For example, the AG composite particle may comprise 20 wt. % or less of a hydratable and/or swellable reactive material (e.g., water absorbent clay), based on a total weight of the AG composite particle, in order to avoid substantial swelling of the sealant layer upon exposure to water or moisture. Non-limiting examples of which include 20 wt. % or less, 19 wt. % or less, 18 wt. % or less, 17 wt. % or less, 16 wt. % or less, 15 wt. % or less, 14 wt. % or less, 13 wt. % or less, 12 wt. % or less, 11 wt. % or less, 10 wt. % or less, 9 wt. % or less, 8 wt. % or less, 7 wt. % or less, 6 wt. % or less, 5 wt. % or less, 4 wt. % or less, 3 wt. % or less, 2 wt. % or less, and 1 wt. % or less, of a hydratable and/or swellable reactive material (e.g., water absorbent clay), based on a total weight of the AG composite particle.

The dense, granular nature of the composite particles enables them to be easily and uniformly deployed and deposited through a water column (via Stoke's law) and onto the sediment surface using conventional materials handling equipment.
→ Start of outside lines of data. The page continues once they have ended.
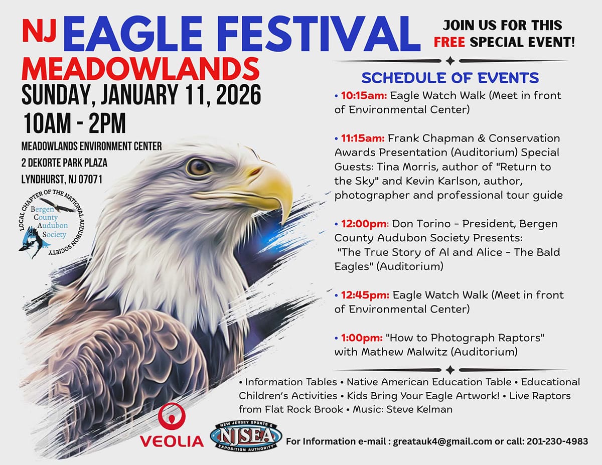 Join WFDU at the New Jersey Meadowlands Eagle Festival on Sunday, January 11th, from 10 am to 2 pm in the Meadowlands Environment Center at Dekorte Park in Lyndhurst, NJ! 🦅🌾
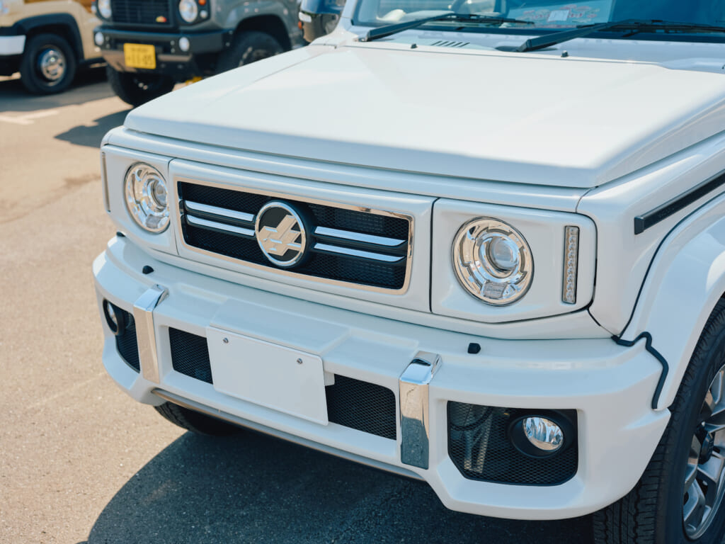 ジープのラングラー サハラをオマージュし、バンパーはフロントをダムドの「リトルD」モデルに、リアを「リトルG」のモデルにチェンジ。グリルはKLCのフェイスグリルSJを選び、ボディカラーに合わせて塗装した。オールドカントリーのホイールを履かせ、ちょいレトロな雰囲気も加えている。
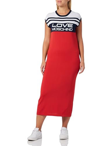 Love Moschino Långärmad lång klänning för kvinnor, röd blå vit, 42, Röd blå vit, 42
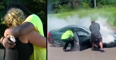 WATCH: Mom Meets Guardian Angel from Burning Car Rescue
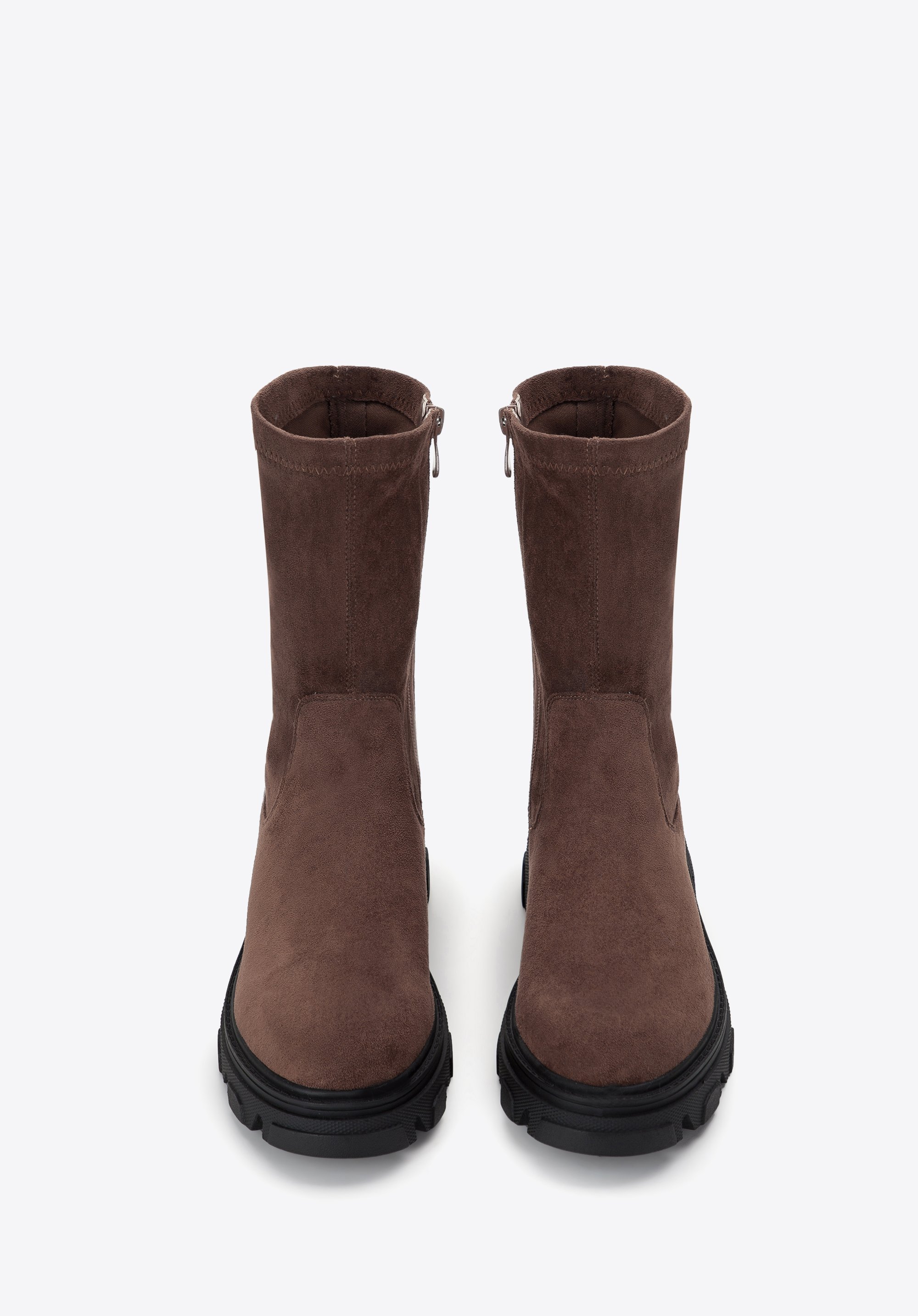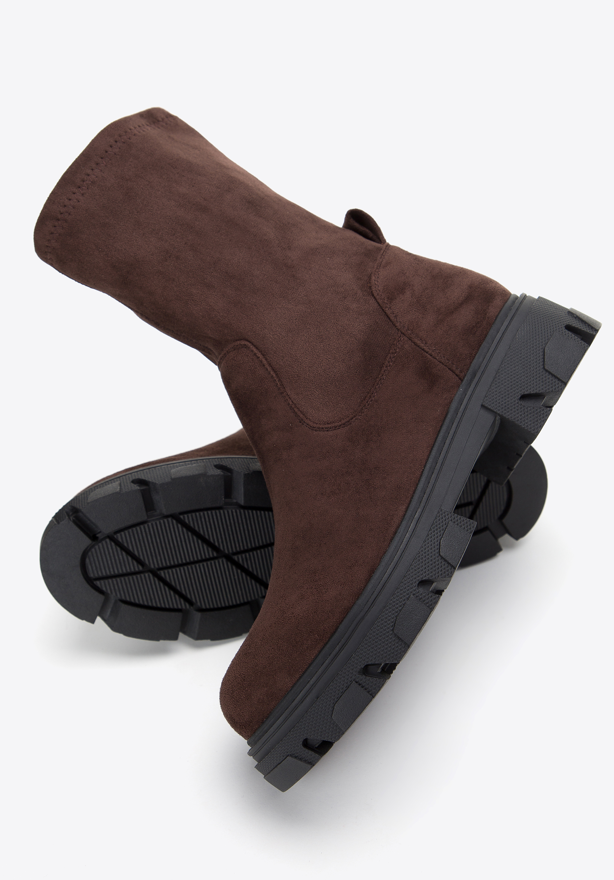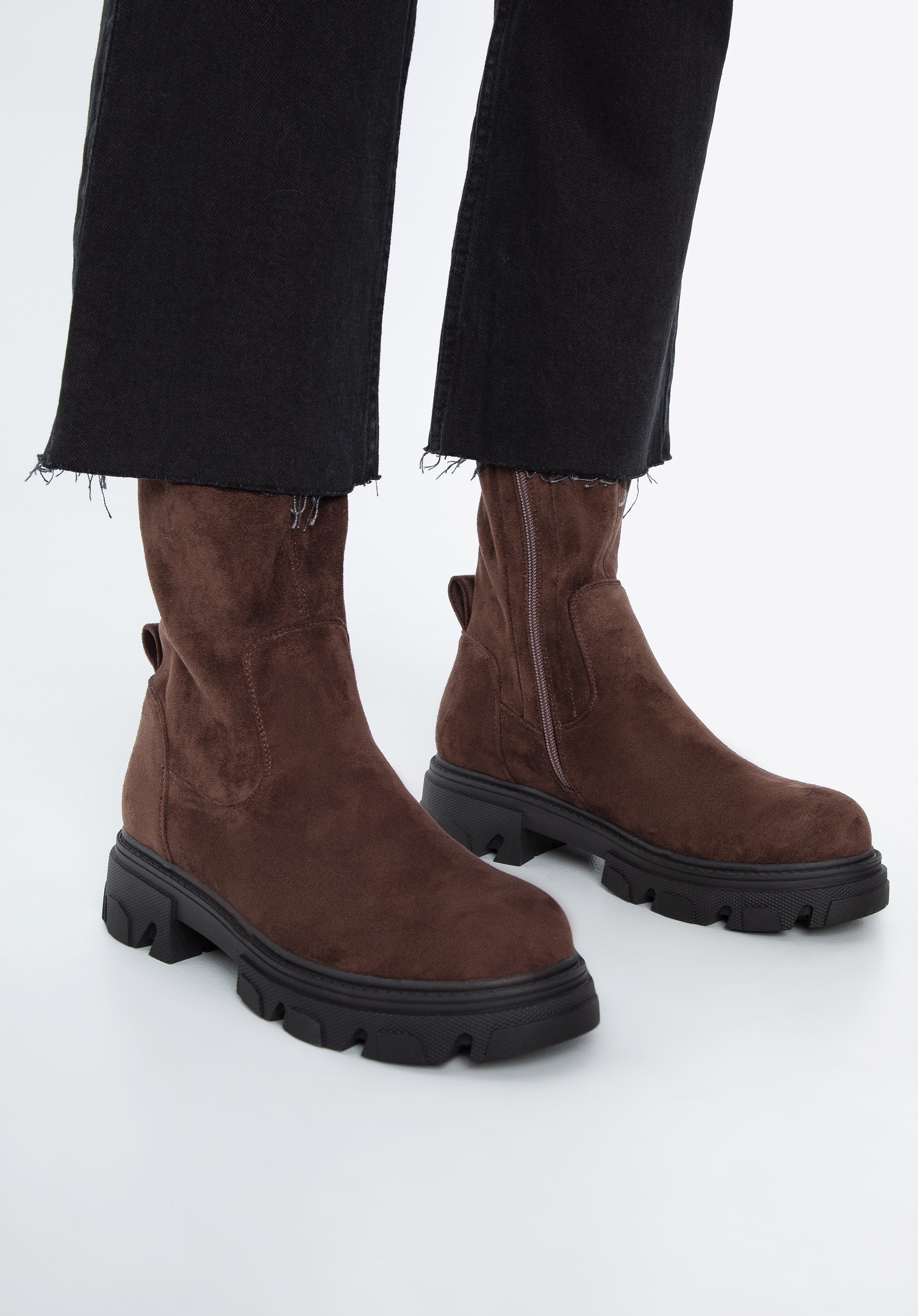 ze skóry ekologicznej przypominającej zamsz. Cholewka jest elastyczna i bardzo przyjemna w dotyku, więc ładnie dopasuje się do Twojej łydki i komfortowo będzie je nosić każdego dnia. Dodatkowo dzięki
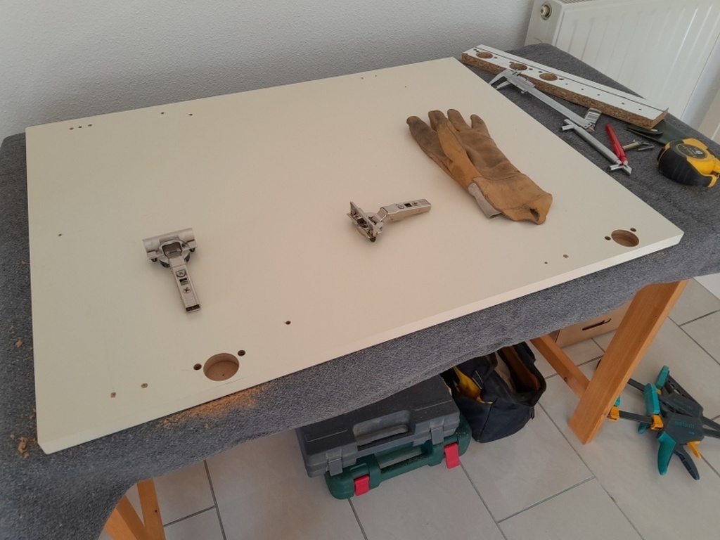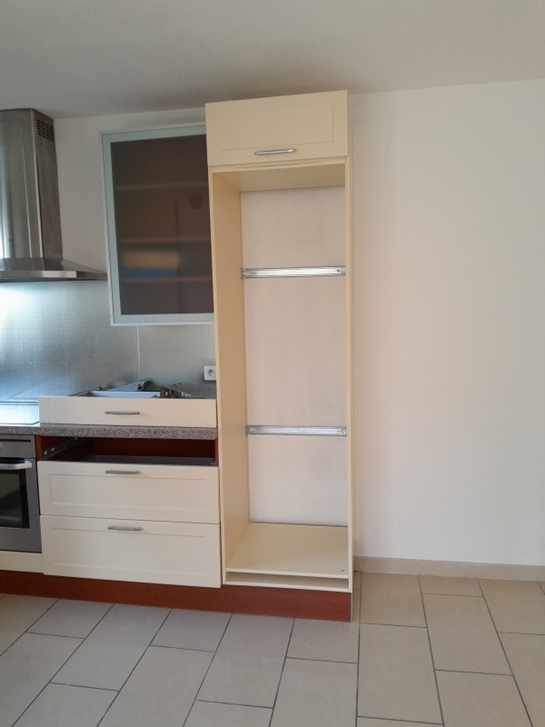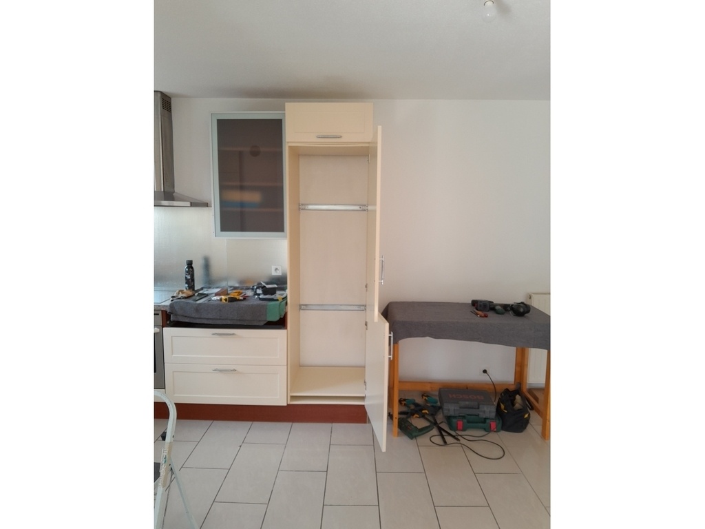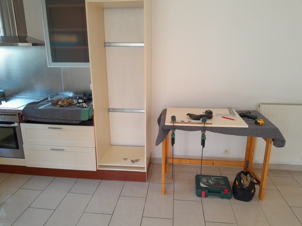 Appartement vide entre deux locations, et le frigo intégré est HS. La propriétaire me demande de lui réaménager le caisson en étagères standard et de remettre les portes en place avec des charnières (car d'origine elles étaient fixées au frigo.

Since a significant amount of water treatment occurs at or near the surface of the composite particle, inclusion of expensive reactive materials into a central core of the composite particle can be avoided.

AB composite particles may be used alone to form an AB passive impermeable capping layer or blended with other aggregate materials to form a BB capping layer. AG composite particles may be used alone to form an AG active/reactive treatment and permeable drainage blanket layer. AB and AG composite particles may be used together in an active/reactive sediment capping system, which may be arranged in an AB/AG layered “funnel and gate” fashion.

Selected Applications and Uses

FIG. 1 is a cross-sectional view of an AB/AG sediment capping system of the type into which a RTC may be retrofitted in accordance with the invention. The upper or overlying AquaBlok® (AB) layer 22 serves as a passive impermeable cap, while the lower or underlying layer 24 (AquaGate™ or AG) may serve as an active/reactive treatment and permeable drainage blanket, enabling a directional horizontal flow (arrows 25) of pore fluids (e.g. gas/water/NAPL).

The AB layer or cap 22 may have any desired thickness, a non-limiting example of which includes about 4 to about 12 inches. The AG layer 24 or drainage blanket may have any desired thickness, a non-limiting example of which includes about 1 inch or more. Of course, the aforementioned thicknesses may be optimized to a particular project having site-specific issues, demands and conditions.

An important feature of the AB and BB (passive impermeable capping) layer 22, 90 is that it “self-keys” or molds to various shapes and objects, including complex or irregularly shaped structural components, to form an effective seal at the interface thereof, in both fresh and saline waters.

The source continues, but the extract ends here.